* Given data
=== Section Start ===
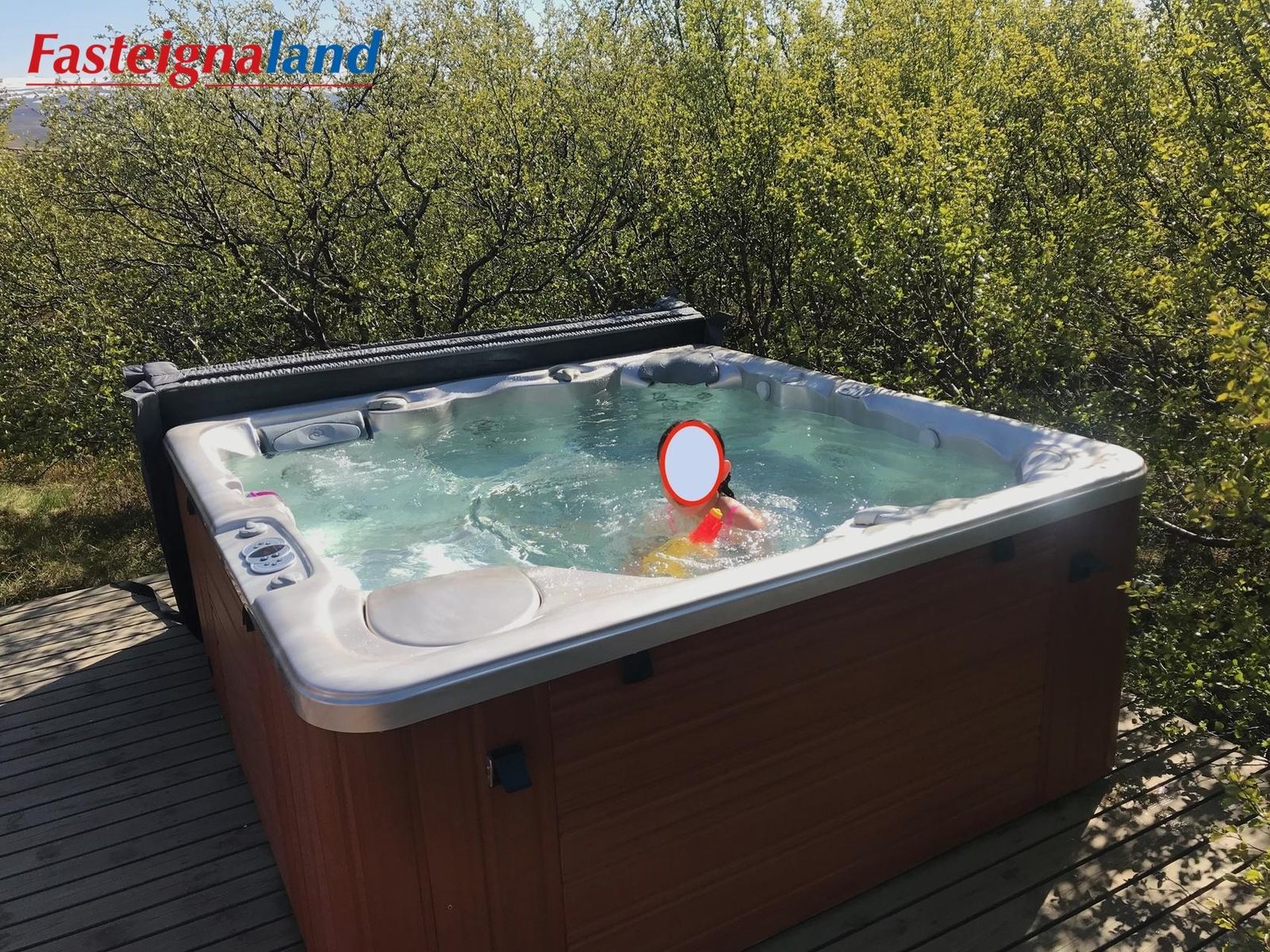 Sólpallur: stór pallur við húsið og þar er heitur rafmagnspottur. Góð aðstaða fyrir grillið, yfirbyggt og hægt að loka.
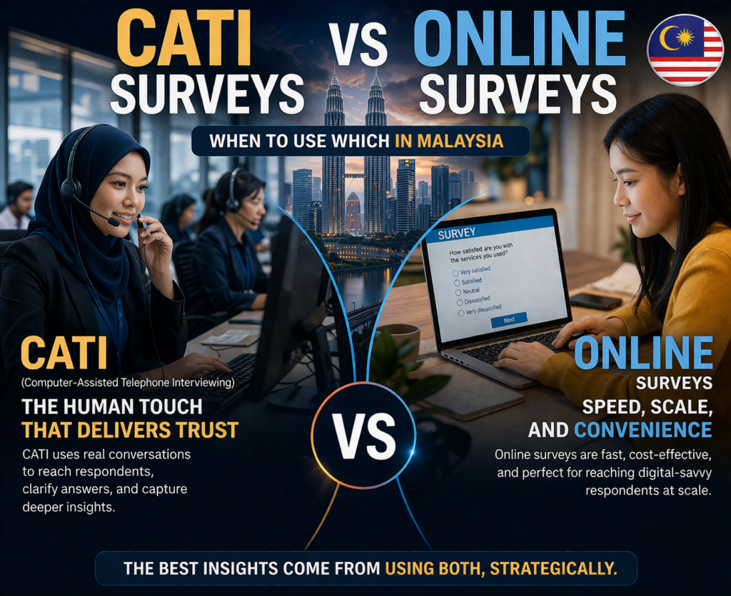 CATI and online surveys are not competing methods; they are complementary tools. In Malaysia’s diverse research environment, the ability to choose the right method—or combine them effectively—often determines whether a study delivers insight or just data.
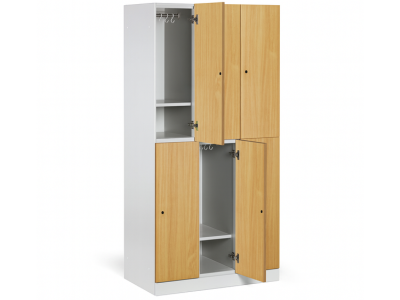 Kovová šatní skříňka s laminovanými dveřmi představuje elegantní kompromis - spojuje maximální odolnost ocelové konstrukce (0,6 mm) s reprezentativností dřeva.
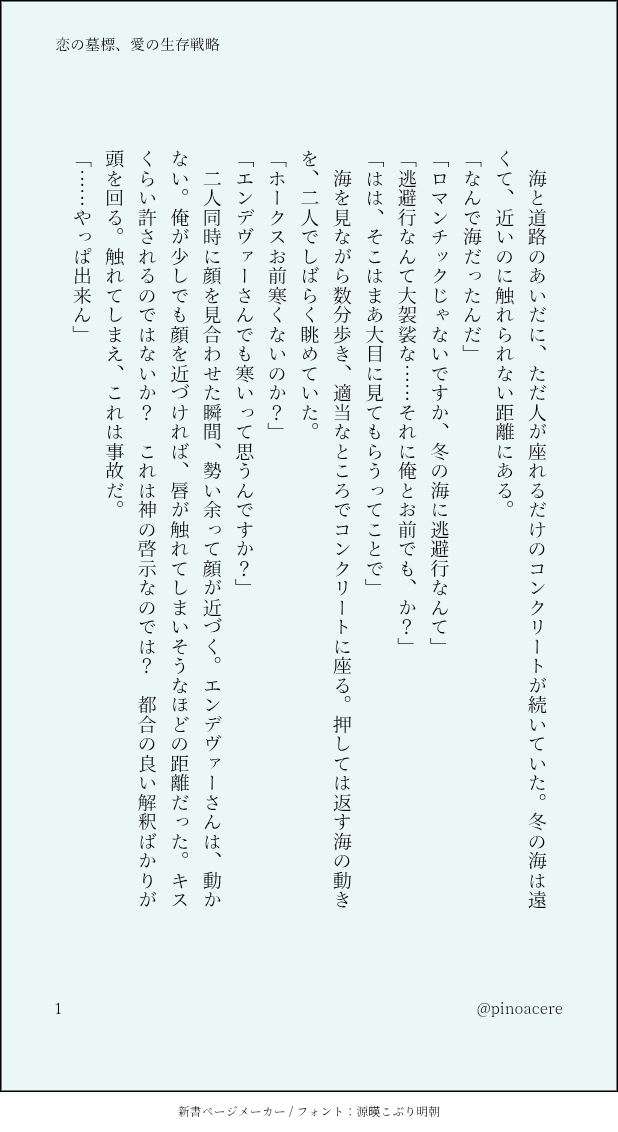 pinoacere☆こそフォロできたホー炎「恋の墓標、愛の生存戦略」※最終回以降離婚してなくて不貞でもないけどホー炎です。今のわたしの中にいる二人を書きました。わたしのホー炎の、現状の着地地点です。2026.01.23 すべて表示(+6枚) タップで全画面(原寸:618x1132)無断転載禁止 リアクションをたくさん送って応援しよう! よく使う人気おやつその他支払処理中 作者からのリプライ 気になる人をどんどんフォローしよう!☆こそフォロ pinoacereできたホー炎「恋の墓標、愛の生存戦略」※最終回以降離婚してなくて不貞でもないけどホー炎です。今のわたしの中にいる二人を書きました。わたしのホー炎の、現状の着地地点です。2026.01.23 7 pinoacereできたホー炎「永遠を誓う」※8年後以降2025.12.11 8 pinoacereできたホー炎「さようならとこんにちは」※8年後以降2025.11.03 5 pinoacereできたホー炎「疲れた夜には甘いもの」※8年後以降2025.10.31 4 pinoacereできたホー炎「bittersweet」※8年後以降2025.10.28 4 pinoacereできたホー炎「別にファンではありませんけど?」※原作軸謎時空、なむこ描き下ろしの小話2025.10.25 6 おすすめ作品 wa11540263らくがき🐣🌙姫だっこおまけもあるよ 6 goldbtmumaiらくがき Sheep_lordらくがきNess bắt cóc và rape Isagi (18?) yes/no 2 ERUMO_3Nらくがき DANA作業進捗5/3kiis新刊予定進捗上半身が裸なだけですが、本文が18禁のためワンクッション 2 ハラミらくがきぱーてぃーしーえー! 110n04らくがき拗ねらせたhmのhm→ts______※hmrがtskへの片想いを拗ねらせている話です※雰囲気はちょい暗めですが、tskがどう感じているかはご想像にお任せします※例の如く何でもいい方向け 2734 naniらくがき熊明 3 能勢ナツキメモ絲遣い単巻1〜6巻の表紙絵をネットプリントシール用作ってみましたL判シール用で作ってありますがお好きなサイズで印刷していただいても大丈夫です登録番号は画像2枚目、店舗検索は下記URLからどうぞhttps://networkprint.ne.jp/sharp_netprint/ja/top.aspxシールが好きでたま〜に作るんですけど、その度に「でも使い道ないな…」って思います笑 4
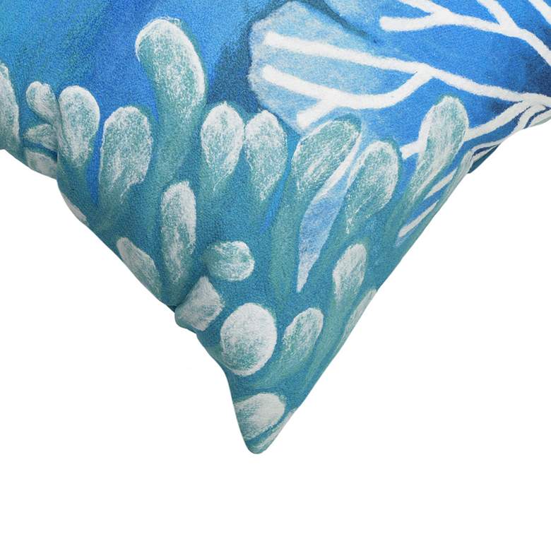 - Blue reef pattern printed on 100 percent polyester pillow front.
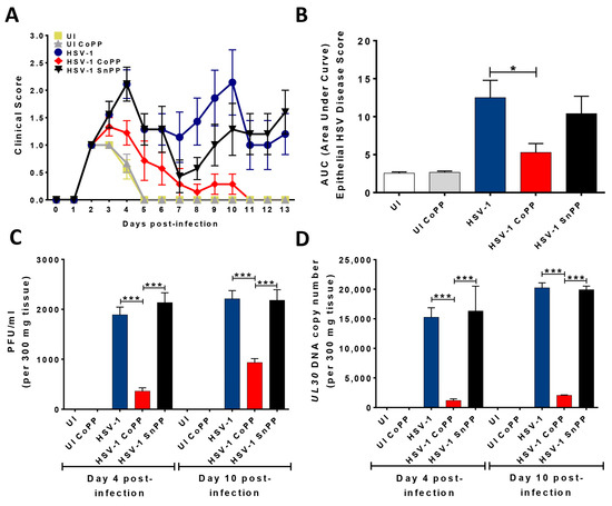 To extend our understanding on the effects of the stimulation of HO-1 expression in DCs upon HSV infection, we assessed the contribution of these cells in a clinically relevant HSV-1 skin infection model [38,39]. For this, we followed the disease progression in animals receiving CoPP-treated HSV-infected DCs before dermal infection with HSV-1. As shown in Figure 5, mice receiving CoPP-treated HSV-infected DCs displayed reduced HSV-associated symptoms, delayed disease onset, as well as both reduced the maximum clinical scores and decreased the mean clinical scores at days 4 and 10 after infection (Figure 5A and Supplementary Table S1). Furthermore, animals that received CoPP-treated HSV-infected DCs prior to HSV-1 infection displayed significantly less skin pathology scores associated with HSV compared to mice receiving vehicle-treated HSV-infected DCs that were later infected with HSV in the skin, as determined by measuring the area under the curve (AUC) in Figure 5A, which provides an integrated value of score severity with disease duration (Figure 5B). In addition, we observed that transferring HSV-infected DCs induced to express HO-1 after CoPP treatment into the animals, and not vehicle-treated HSV-infected DCs or SnPP-treated HSV-infected DCs, significantly reduced HSV-1 loads in the infected tissue (Figure 5C), as both lesser PFUs and viral genome copies were detected in the skin samples recovered (Figure 5D).
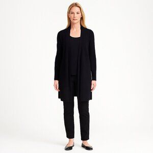 2/$30 Verve Ami Ribbed Knit Open Cardigan Black Medium #A0439 TRB3
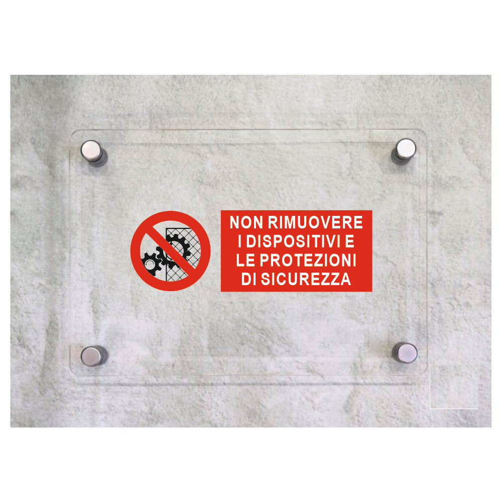 Global Targa Cartello in plexiglass UNI - NON RIMUOVERE I DISPOSITIVI E LE PROTEZIONI DI SICUREZZA ORIZZONTALE - Con Distanziali in acciaio inox, Stampa UV
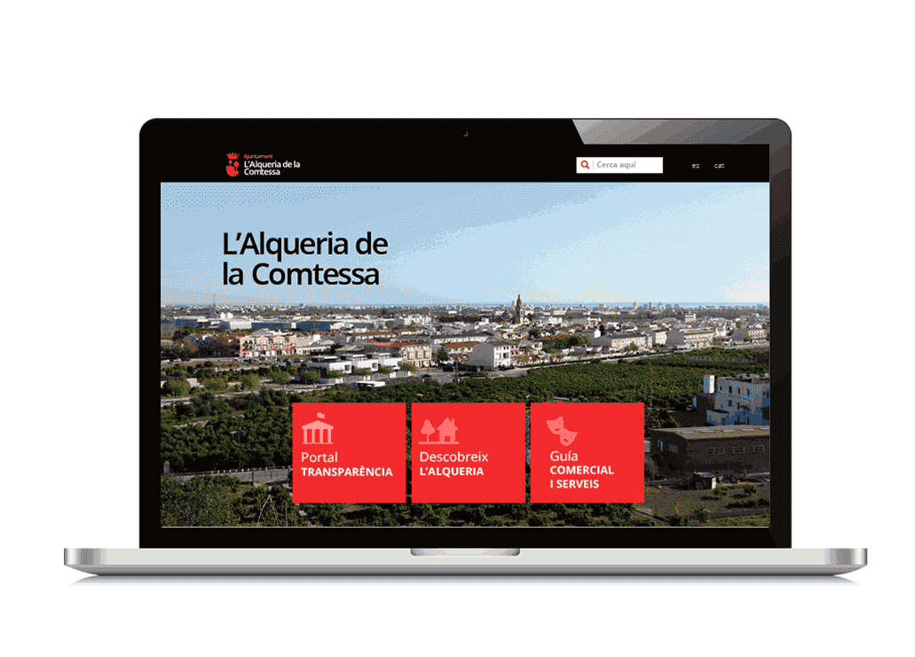 Me pidieron que diseñara un nuevo sitio web para el ayuntamiento de Alqueria de la Comtessa. Su diseño era anticuado y querían darle una nueva imagen y renovar el sitio web, así como la facilidad de uso para el usuario y la organización de todas las secciones del sitio web, especialmente en el sitio web de origen.
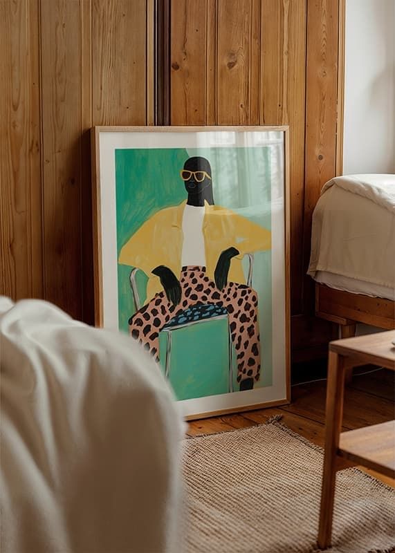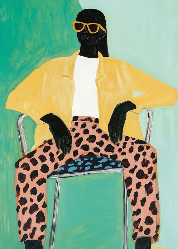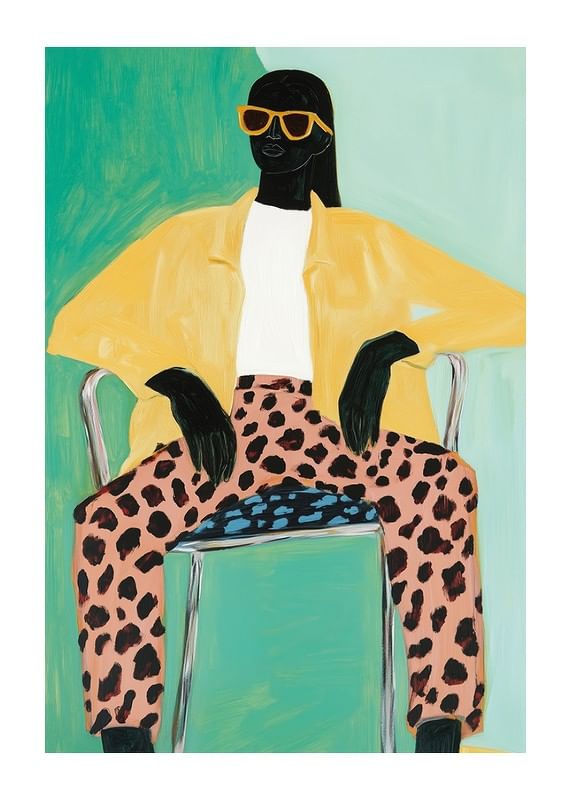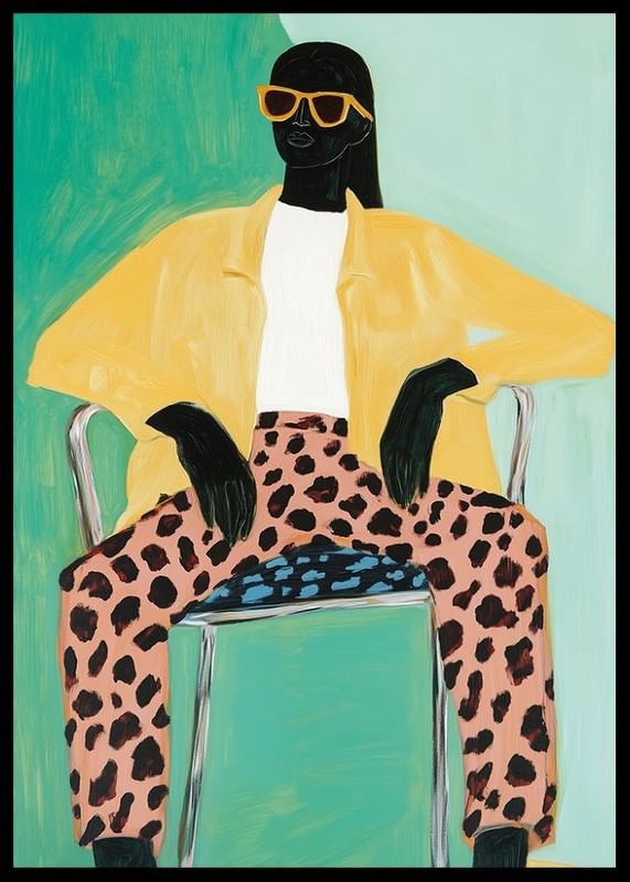 Explore a essência da confiança com este poster apelativo! Com cores fortes e um estilo moderno, capta um indivíduo elegante sentado em calma majestade. As calças com padrão leopardo e a camisa amarela sobre um fundo verde saturado criam um contraste dramático que dá vida ao ambiente.
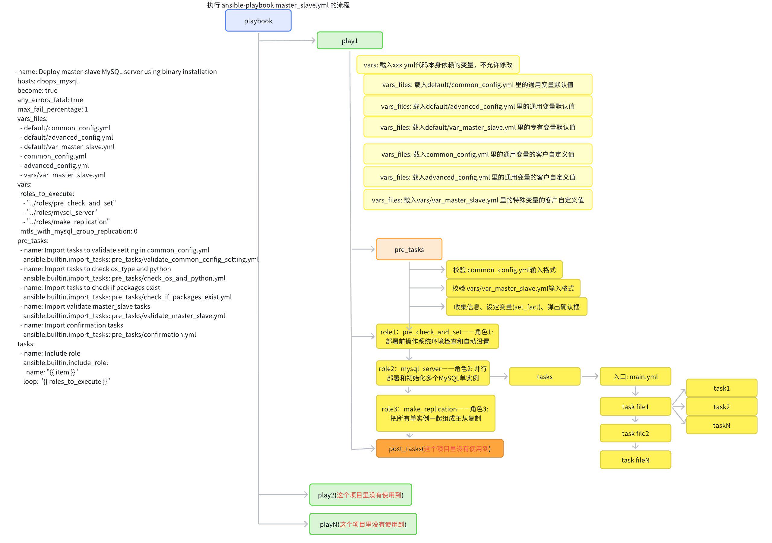 pre_tasks: parameter validation and confirmation prompt.roles: core deployment logic.post_tasks: ending and marking.
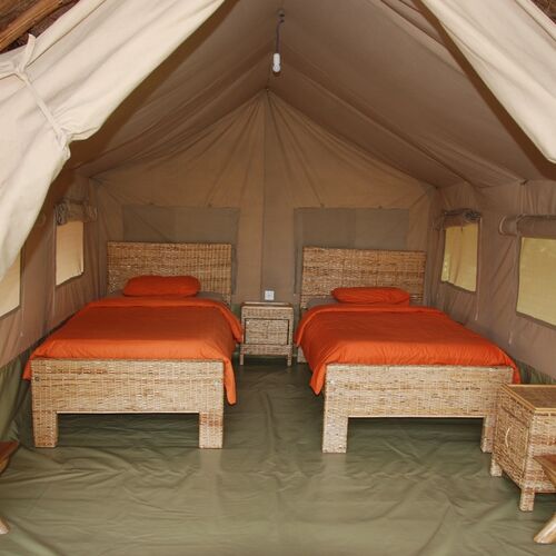 Vores campingplads ligger væk fra hovedlodgen i et buskområde med masser af akacie og lokale træer. Der er to køkkenområder med bålplads og siddepladser. Vand og brænde er til rådighed. Campister kan bruge udendørs brusere lavet af sten og rene toiletfaciliteter.
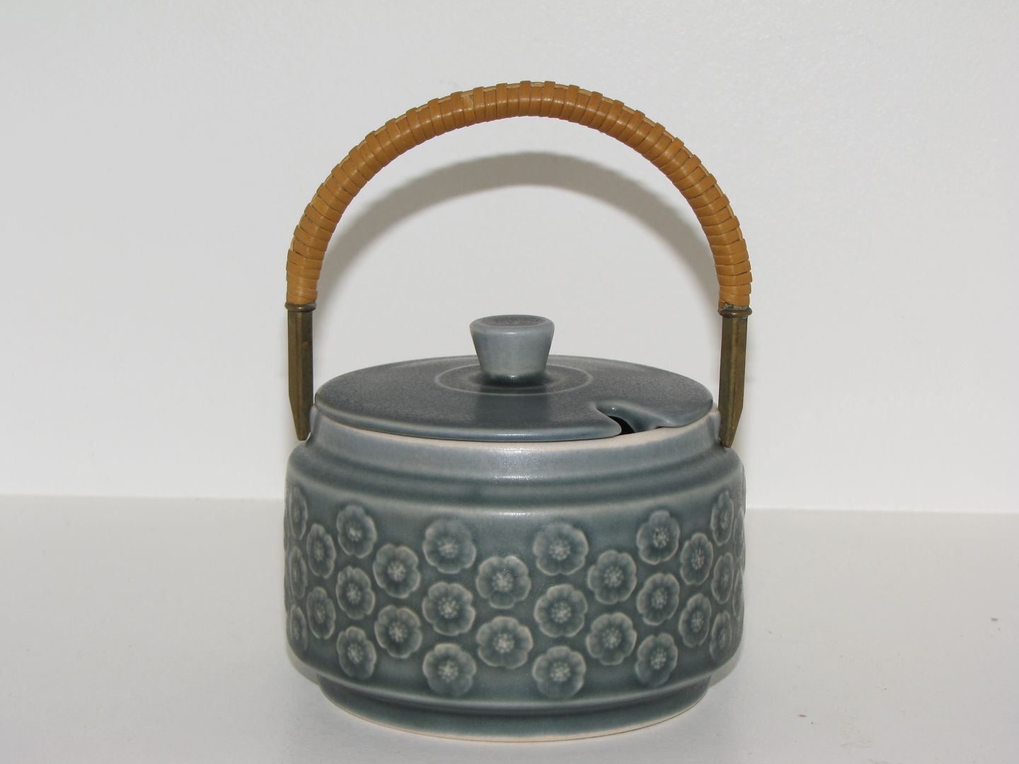 Kronjyden, Azur stentøj, marmeladekrukke med basthank. Designet af Jens Harald Quistgaard. Diameter 10,0 cm. Perfekt stand uden fejl.
=== Section End ===
* Try it
Exactly as written above, retype the lines starting at the one holding "To extend our" and ending at the one holding "Me pidieron que", both included, but not the pictures.

* Result
 To extend our understanding on the effects of the stimulation of HO-1 expression in DCs upon HSV infection, we assessed the contribution of these cells in a clinically relevant HSV-1 skin infection model [38,39]. For this, we followed the disease progression in animals receiving CoPP-treated HSV-infected DCs before dermal infection with HSV-1. As shown in Figure 5, mice receiving CoPP-treated HSV-infected DCs displayed reduced HSV-associated symptoms, delayed disease onset, as well as both reduced the maximum clinical scores and decreased the mean clinical scores at days 4 and 10 after infection (Figure 5A and Supplementary Table S1). Furthermore, animals that received CoPP-treated HSV-infected DCs prior to HSV-1 infection displayed significantly less skin pathology scores associated with HSV compared to mice receiving vehicle-treated HSV-infected DCs that were later infected with HSV in the skin, as determined by measuring the area under the curve (AUC) in Figure 5A, which provides an integrated value of score severity with disease duration (Figure 5B). In addition, we observed that transferring HSV-infected DCs induced to express HO-1 after CoPP treatment into the animals, and not vehicle-treated HSV-infected DCs or SnPP-treated HSV-infected DCs, significantly reduced HSV-1 loads in the infected tissue (Figure 5C), as both lesser PFUs and viral genome copies were detected in the skin samples recovered (Figure 5D).
 2/$30 Verve Ami Ribbed Knit Open Cardigan Black Medium #A0439 TRB3
 Global Targa Cartello in plexiglass UNI - NON RIMUOVERE I DISPOSITIVI E LE PROTEZIONI DI SICUREZZA ORIZZONTALE - Con Distanziali in acciaio inox, Stampa UV
 Me pidieron que diseñara un nuevo sitio web para el ayuntamiento de Alqueria de la Comtessa. Su diseño era anticuado y querían darle una nueva imagen y renovar el sitio web, así como la facilidad de uso para el usuario y la organización de todas las secciones del sitio web, especialmente en el sitio web de origen.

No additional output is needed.